Hi,
on a SQL 2012 cluster with Availibility groups pushing from a primary to a secondary replica, small databases seem to have very low Redo Rate (KB/s). The reason i'm questioning this is that we have a third party SQL monitoring tool who marks our servers as 'Critical' all the time, the reason being that some of these databases have redo rates below 500 KB/s (thats the monitoring tool's threshold) and some of ours are listed as 4KB/s. The theory being that in a failover situation, the replication of data is perceived to be so slow that they primary and secondary replicas may not be adequately sync'd.
We have some more heavily used databases on the same AG, same Primary and Secondary Replica's, etc. that are at 20,000+ KB/s - so we dont think it is a bandwidth issue.

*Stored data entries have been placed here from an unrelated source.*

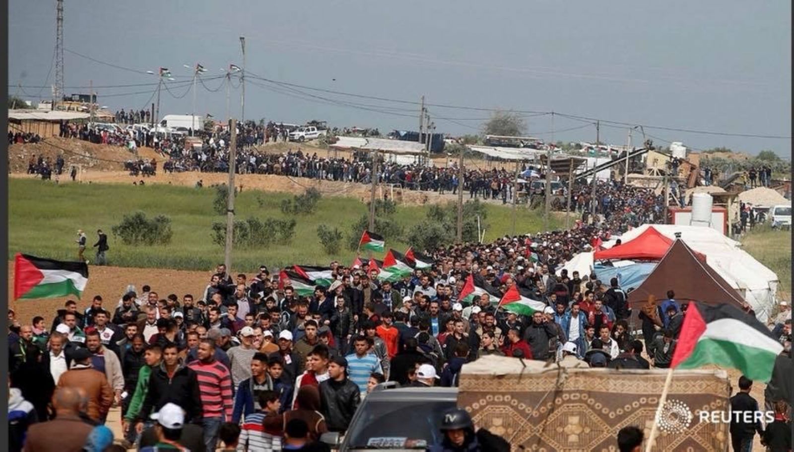 ويقمع الجيش الإسرائيلي هذه الفعاليات السلمية بالقوة واستهدف المدنيين بدم بارد، ما أسفر استشهاد 21 فلسطينيًا، وإصابة 1500 آخرين برصاص قوات الاحتلال، منذ الجمعة الماضي.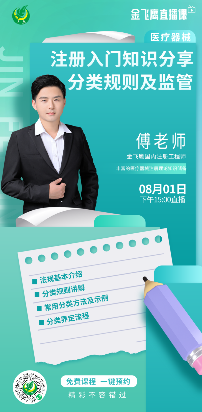 8月1日下午3點(diǎn),金飛鷹國(guó)內(nèi)注冊(cè)工程師,有著豐富醫(yī)療器械注冊(cè)理論知識(shí)儲(chǔ)備的傅老師,給大家?guī)?lái)《醫(yī)療器械注冊(cè)入門知識(shí)分享-分類規(guī)則及監(jiān)管》,培訓(xùn)內(nèi)容包括法規(guī)基本介紹、分類規(guī)則講解、常用分類方法及示例、分類界定流程等,大家千萬(wàn)不要錯(cuò)過(guò)了哦!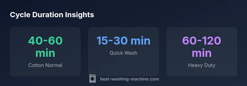 How long does a washing machine cycle last? Generally, cycle times span from 15 to 120 minutes, driven by program choice, load size, and machine efficiency. Quick Wash is typically 15–30 minutes; Cotton/Normal and Heavy programs run longer, often approaching an hour or more. Best Washing Machine Analysis, 2026, notes that exact times vary by model and sensor features.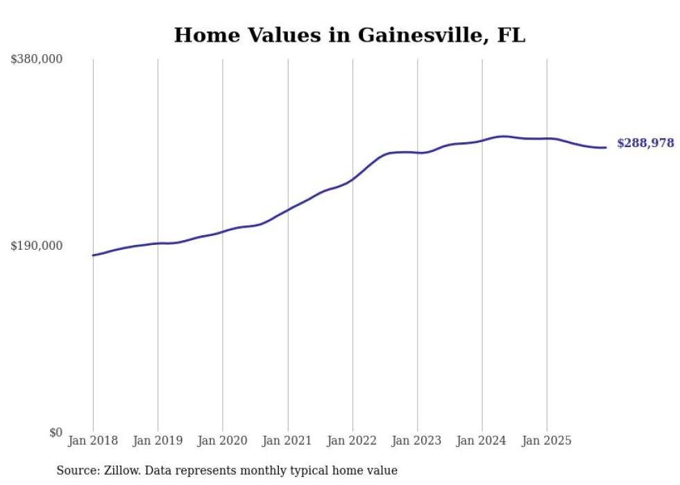 Stacker compiled a list of cities with the most expensive homes in the Gainesville, FL metro area using data from Zillow. Charts show the monthly typical home value since January 2018.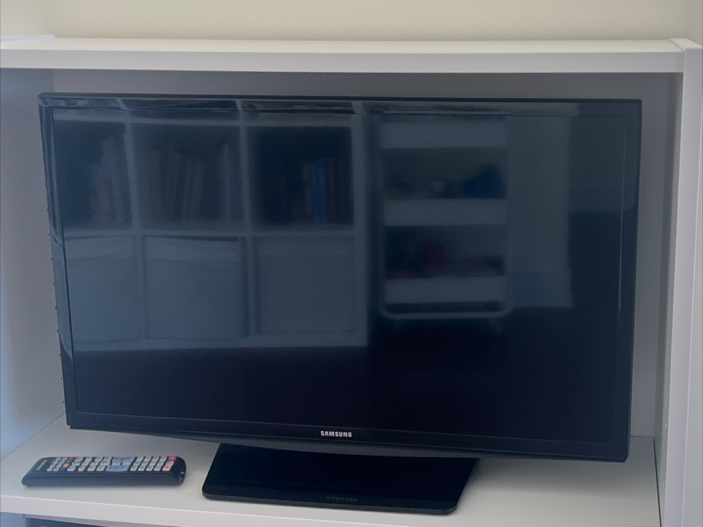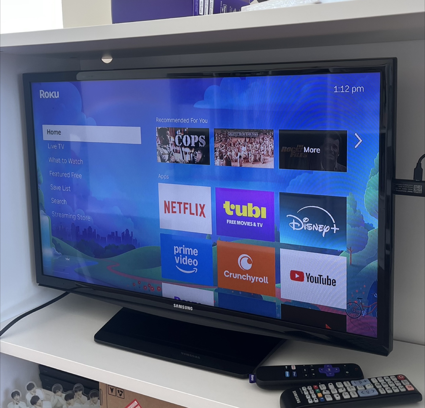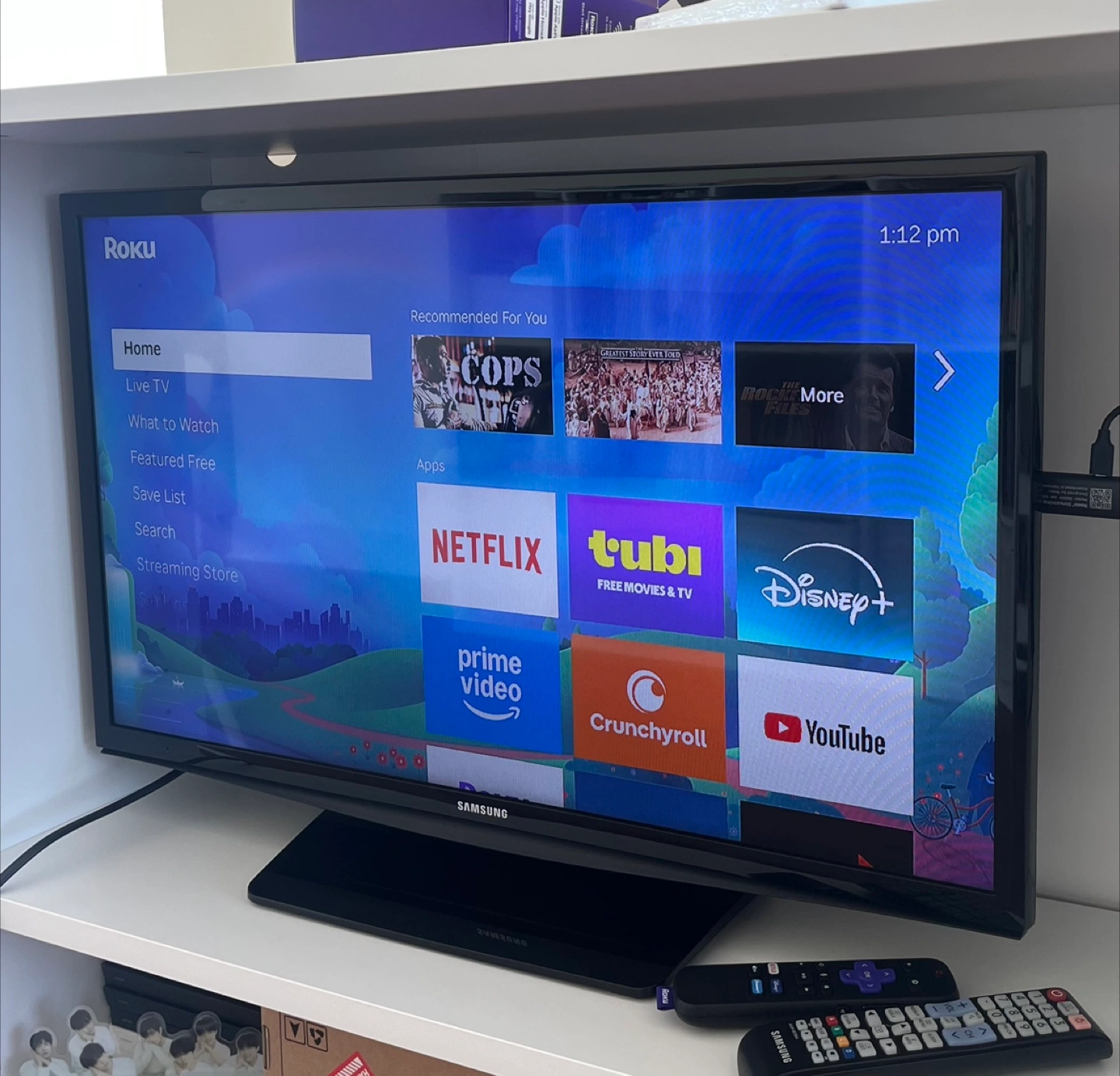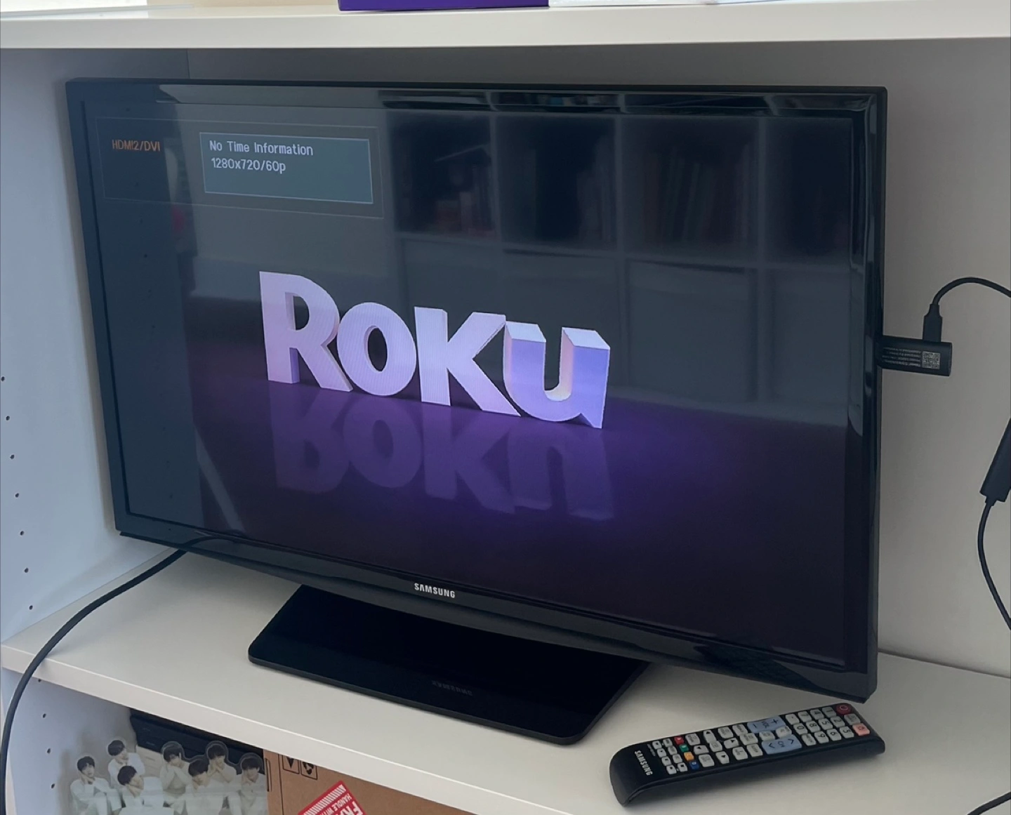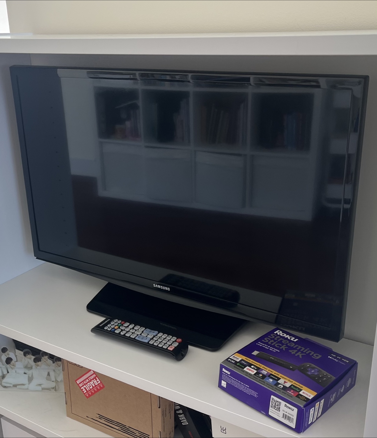 Samsung TV with a 27 inch screen and a Roku Streaming Stick 4K to make it function as a smart TV!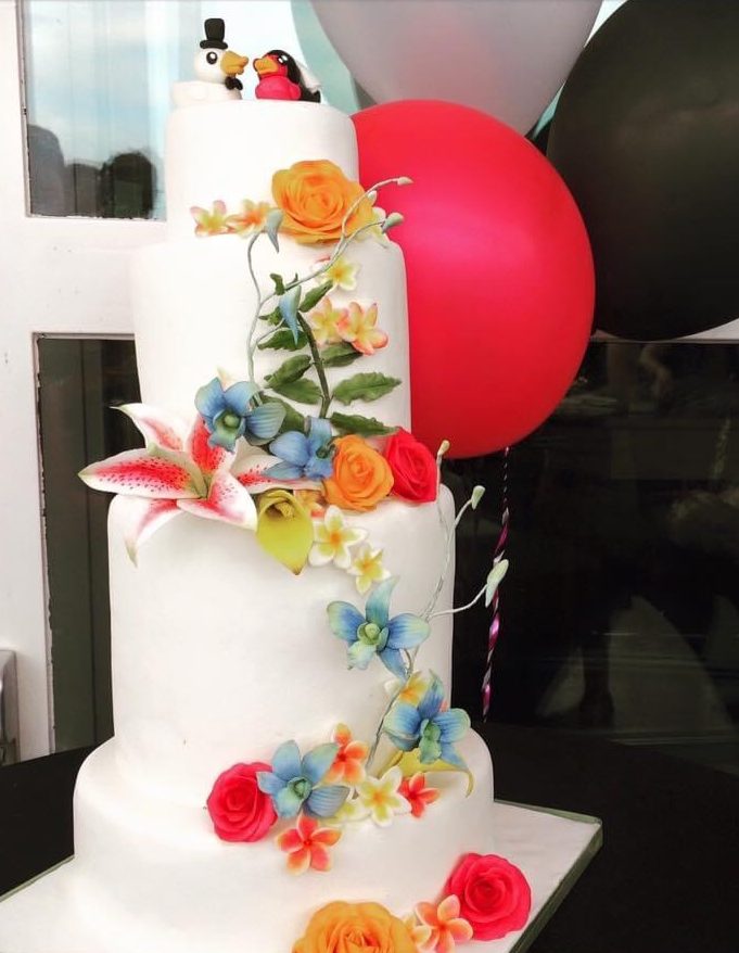 Eerlijk is eerlijk, bruidstaarten waren zó leuk om te maken! Vooral omdat ik zoveel leuke bruidsparen heb mogen ontmoeten die mij de meest waanzinnige opdrachten gaven. Natuurlijk zijn witte bruidstaarten met bloemwerk prachtig…. maar een beetje anders is zoveel gaver! Ik kan eerlijk zeggen dat ik nooit een saaie bruidstaart heb gemaakt!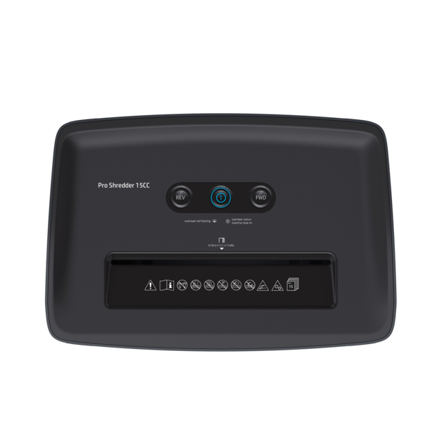 The elegant HP Pro Shredder 15CC in black design fits next to any desk and should not be missing in any office. With a shredding capacity of 15 A4 sheets, the document shredder shreds your sensitive company data in cross cut into 4 mm x 35 mm clippings and thus meets the high requirements of security level P-4. This ensures the destruction of personal documents such as employment contracts or payrolls in accordance with the data protection directive. The convenient shredder with lockable rollers scores points compared to the similar device from the OneShred series with a particularly quiet operating noise of only 55 decibels and a longer operating time of 20 minutes.

As a test i created a new db, added it to the AG and left it. No tables, data, nothing. It's redo rate got logged at 44KB/s (in sys.dm_hadr_database_replica_states) and my alerting tool marked it as critical. I then created a table (on
the primary replica) and wrote a little script to push some junk data in. I had Perfmon running on the secondary replica monitoring
SQL Server:Database Replica > Redone Bytes/sec , redo_queue_size (KB) and redo_rate amongst others. Immediately upon starting my script on the primary, Perfmon jumped on the secondary. Within about 2 minutes of pummelling the database my
Redo rate had risen (from 44 KB/s) to 1,850 KB/s and my alerting software decided my replica was no longer in a critical state.
Sorry if this is longwinded, but is there some algorithm that averages the amount of data being exchanged between replicas over a period of time? The Redo rate seems like it should be calculated based on some thing lower in the OSI stack than whether the specific database currently has (or has recently had) much data to replicate?
Thanks!
Matt